Karolina Adamczyk podejmuje się obrony Höfgena. Mówi o dziwnym, bezczasowym świecie, którym jest praca w teatrze. Czas biegnie tu inaczej, rytmem prób i premier. Człowiek wchodzi w inną rzeczywistość, bardziej realną niż życie na zewnątrz. O wiele bardziej także intensywną, lepszą i prawdziwą. Nie ma tu pustki, banału i nudy, z których składa się codzienność. W teatrze nie ma codzienności. To, co poza teatrem jest cieniem życia, a życie na scenie, praca nad spektaklem wydaje się samą esencją egzystencji. Dlatego odstawienie od pracy jest tak ciężkie, bo trzeba wrócić. A nie chce się wracać, wielu się tego boi. Dlatego nie potępiajmy Höfgena, nie osądzajmy go surowo, chciał tylko grać, to przecież zrozumiałe, że poza teatrem nie widział życia. Nie można także pominąć tego, że gra na scenie daje poczucie przedłużającej się młodości (to ją przecież dostał Faust od Mefista), czas nie istnieje, więc w teatrze można być "Forever Young". Brawurowe wykonanie tego przeboju Alphaville w wykonaniu Adamczyk, do którego rekwizyty stanowią powiewająca chusta w narodowych, biało-czerwonych barwach i rozwiewający włosy aktorki wentylator, trudno zapomnieć. Oczywiście jest w tym także odwołanie do nacjonalistycznego kiczu i związanych z nim wyobrażeń. I do tego, że nacjonalizm przebierany w szaty patriotyzmu jest poza wszystkim marzeniem narodów (tu kłania się z kolei stary ojciec Mann ze swoim Doktorem Faustusem) o powrocie do pierwotnej, nieodpowiedzialnej młodości, zrzucającej dyktowaną dojrzałością skłonność do kompromisu i tolerancji.

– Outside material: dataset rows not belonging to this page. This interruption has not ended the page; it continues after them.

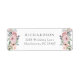 These lovely floral wedding return address labels feature watercolor bouquets full of dusty coloured roses and flowers in shades of peach, pink, blue, and greenery, with elegant modern text on a clean, white background.
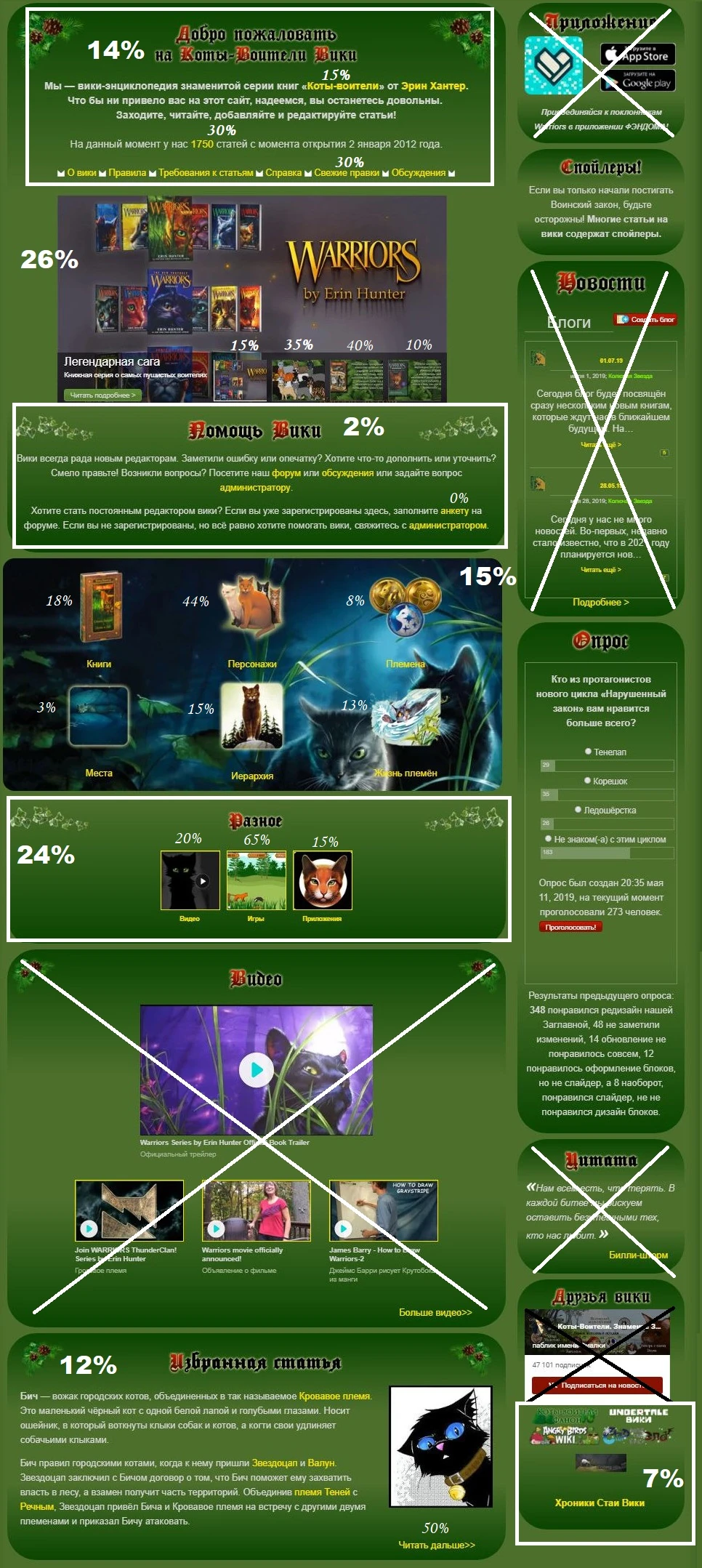 На изображениях ниже вы можете увидеть процент популярности отдельных блоков Заглавной для каждой вики (белый полужирный шрифт), а также некоторые цифры популярности отдельных элементов внутри этих блоков (белый курсивный шрифт).
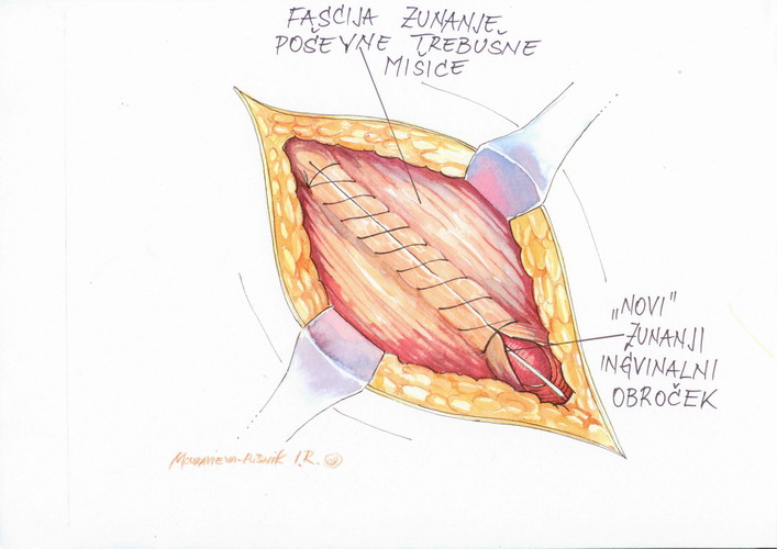 S kakršnimkoli šivom (navadno resorbtivnim 2/0 ali 3/0) sešijemo oba lista aponevroze zunanje poševne trebušne mišice, pred tem pod njiju položimo semensko povesmo in ilioingvinalni živec (vzpostavljena prvotna anatomska lega). Distalni krn kremastrne mišice všijemo na aponevrozo s spodnje strani (lahko z istim šivom, s katerim zapiramo aponevrozo), s čimer preprečimo povešenje moda na operirani strani (slikI 10 in 11).
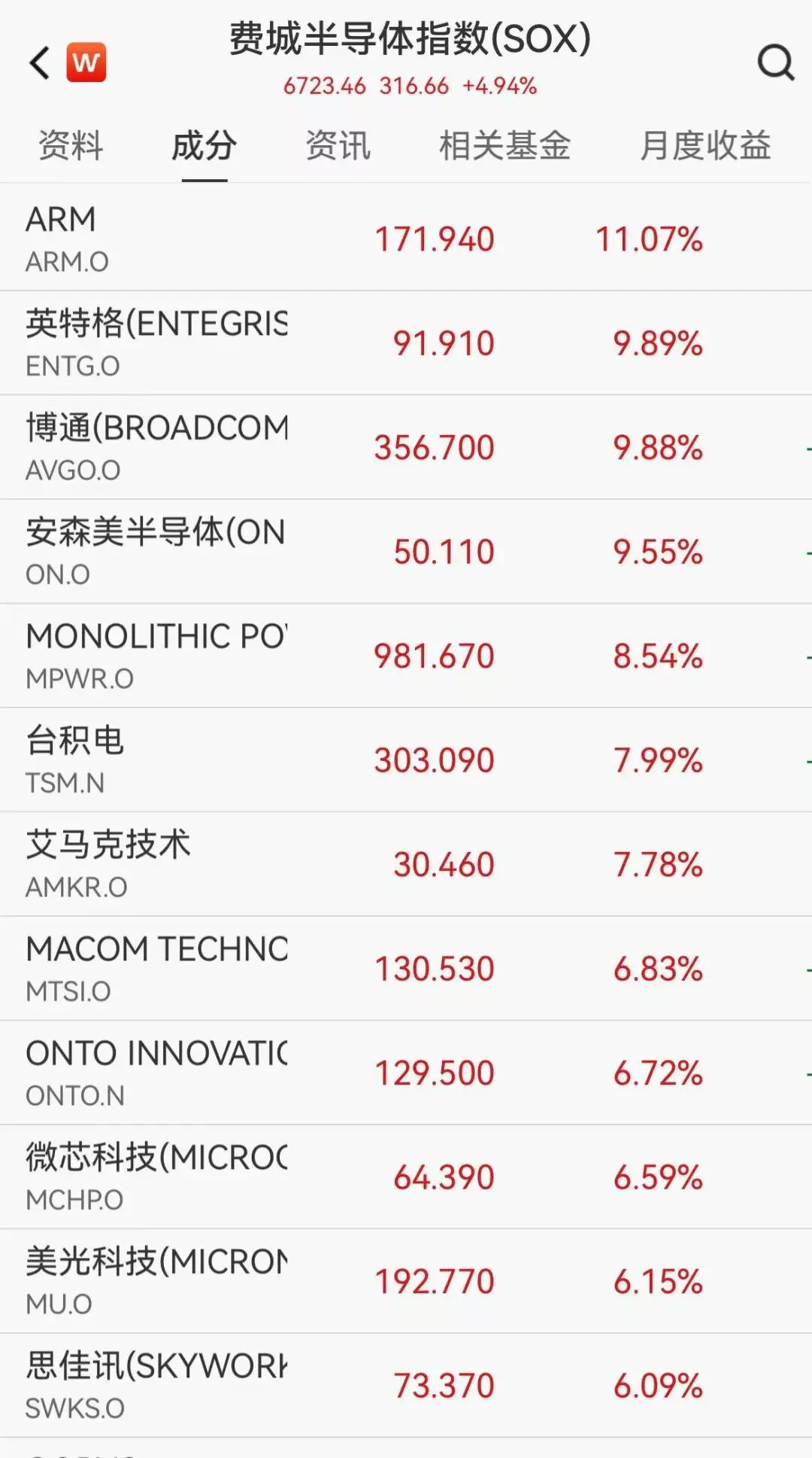 芯片板块全线爆发,费城半导体指数大涨近5%。具体个股方面,ARM涨超11%,博通、英特格涨近10%,安森美半导体涨超9%,台积电涨近8%,美光科技涨超6%,高通、阿斯麦涨超5%,英伟达、英特尔涨超2%,AMD小幅上涨。
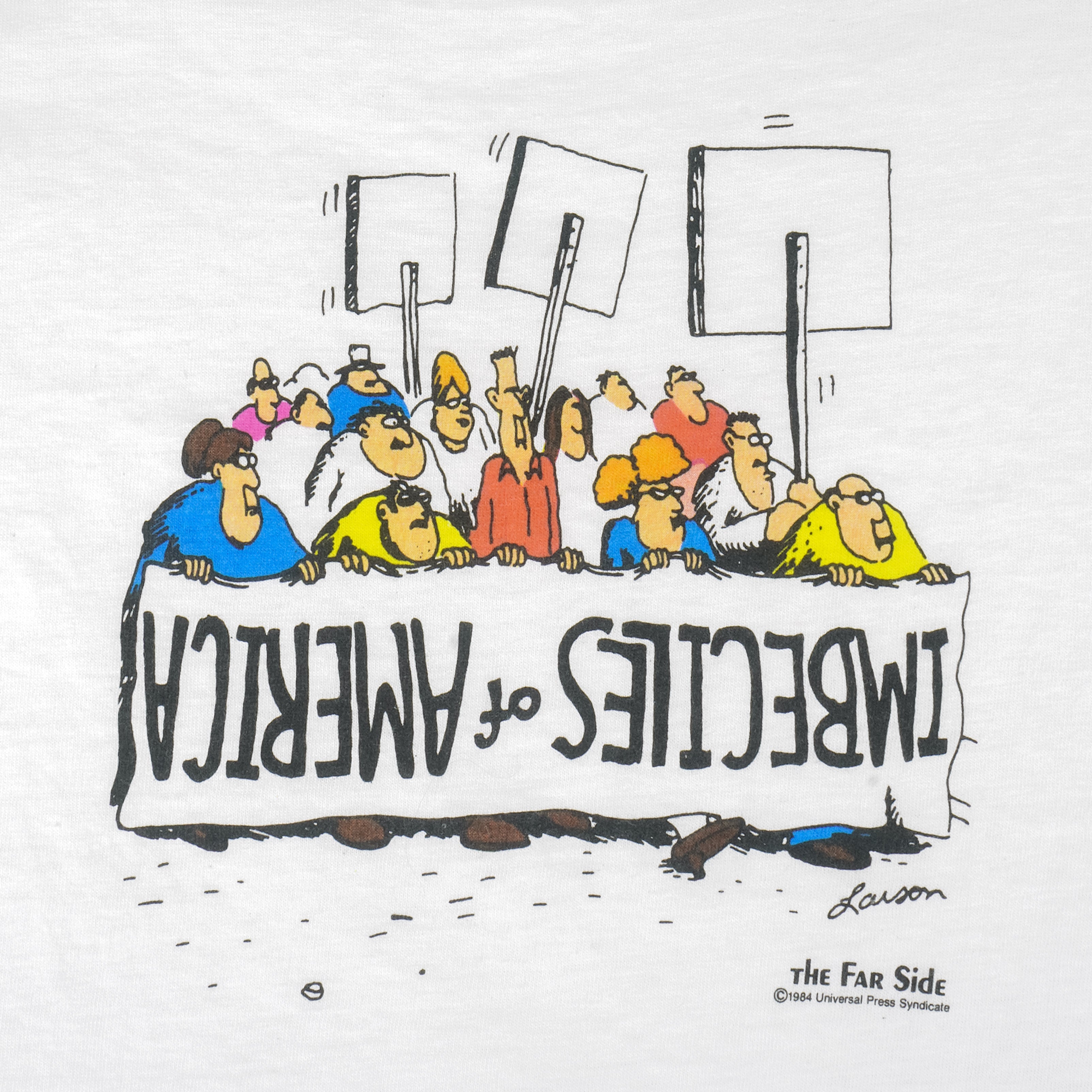 1984 Vintage The Far Side-Imbeciles Of America Funny Sarcastic Quoted T-Shirt. White​ in color, fitting large size and is in excellent condition.
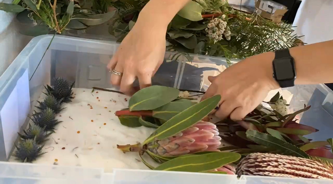 Flower preservation starts with the drying process. Drying flowers and foliage in a fine silica sand to withdraw all the moisture. The shapes of the flowers and foliage remain the same, some "shrinkage" can occur. Colours are mostly retained however, colours will slightly vary from the original in the drying process as they can fade & darken dependant on the flowers and foliage. Some flowers can also become translucent in the resin process. Drying can take up to four plus weeks depending on the type of flowers.
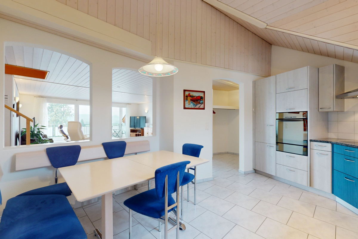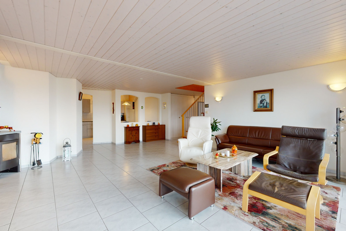 Mit einer grosszügigen Wohnfläche von 195 m², verteilt auf zwei Etagen, beherbergt diese Wohnung insgesamt 6,5 Zimmer, darunter vier geräumige Schlafzimmer und zwei moderne Badezimmer, eigener Waschmaschine und einen Balkon auf jeder Etage. Die ungestörte und unverbaute Aussicht sorgt für eine ruhige Atmosphäre, ideal für Familien, die das Leben in vollen Zügen geniessen möchten.

Klara Bielawka nawiązuje do celebryckiej natury zawodu aktora. Jej opowieść dotyczy przygody, jaka spotkała ją (a właściwie postać, którą gra, ponieważ to w przedstawieniu jest płynne) w kontaktach z kolorową prasą. Niby artyści, aktorzy powinni być ponad to, ponad tanią popularność, ale nie są. Bo któż jest? Każdy chce być dostrzeżony, doceniony, nawet w ten błahy sposób. Próżność jest jednym z elementów zawodu artysty, zwłaszcza aktora, którego praca związana jest z własną cielesnością nieustannie wystawianą na pokaz. Aktorka wygłasza swój monolog w rozchylonym szlafroku, narzuconym na nagie ciało. Wychodzi na scenę w sytuacji intymnej, a równocześnie będącej zaprzeczeniem prywatności. Początkowo współpraca z kolorowym pismem, mającym umieścić obszerny tekst o niej, okraszony dużym zdjęciem na rozkładówce, zapowiadała się dobrze. Do publikacji jednak nie doszło i dziennikarka przygotowująca materiał w ostatniej chwili wycofała się. Bielawka okazała się postacią zbyt kontrowersyjną dla szerokiego grona odbiorców pisma. Powodem był jej udział w spektaklu Klątwa. Wybór artystyczny, jaki podjęła, przełożył się na ograniczone zaistnienie w przestrzeni publicznej.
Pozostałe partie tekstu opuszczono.